What to work on: Pictures aside, print all of the data below exactly as written.

──────── Dataset excerpt

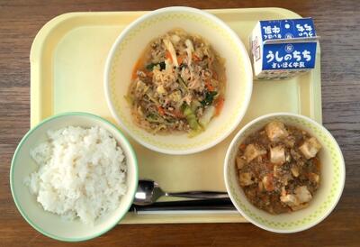 【本日のメニュー】 マーボー豆腐、キャベツと白滝の炒め物、ごはん、牛乳
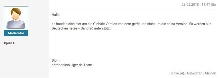 Im unterstellen scheinst Du ja schnell zu sein.... Vielleicht ist es einfach nur Unkenntnis? Bei "Fragen und Antworten":frankco schrieb:Vorsicht bei den angebotenen Redmi 4x auf notebooksbilliger.de wenn in der Beschreibung nur ein Haken bei den LTE Frequenzen steht sind die Geräte ohne Band 20, ich unterstelle hier dem Verkäufer eine gewisse Arglist, denn bei anderen Modellen wird das eindeutig angegeben.
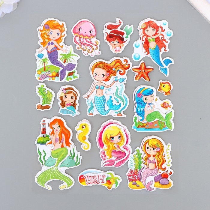 Наклейка пластик, картон 6D с блёстками "Мир русалок" 25,5х17,5 см
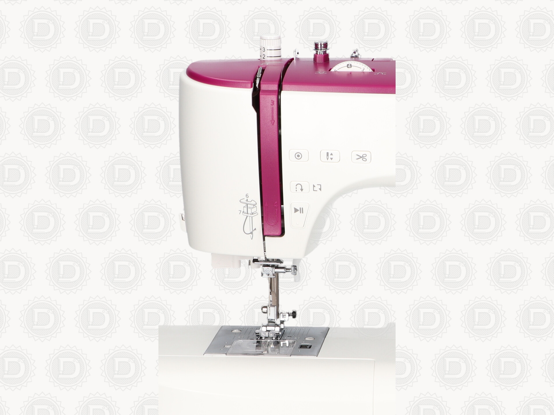 Sistema de arrastre de 7 dientes: una función especialmente pensada que garantiza que la tela se recoja y apoye desde la parte delantera del pie prénsatelas hacia atrás. Esto proporciona un arrastre mucho más preciso de la tela.

────────────────

Final answer:
 【本日のメニュー】 マーボー豆腐、キャベツと白滝の炒め物、ごはん、牛乳
 Im unterstellen scheinst Du ja schnell zu sein.... Vielleicht ist es einfach nur Unkenntnis? Bei "Fragen und Antworten":frankco schrieb:Vorsicht bei den angebotenen Redmi 4x auf notebooksbilliger.de wenn in der Beschreibung nur ein Haken bei den LTE Frequenzen steht sind die Geräte ohne Band 20, ich unterstelle hier dem Verkäufer eine gewisse Arglist, denn bei anderen Modellen wird das eindeutig angegeben.
 Наклейка пластик, картон 6D с блёстками "Мир русалок" 25,5х17,5 см
 Sistema de arrastre de 7 dientes: una función especialmente pensada que garantiza que la tela se recoja y apoye desde la parte delantera del pie prénsatelas hacia atrás. Esto proporciona un arrastre mucho más preciso de la tela.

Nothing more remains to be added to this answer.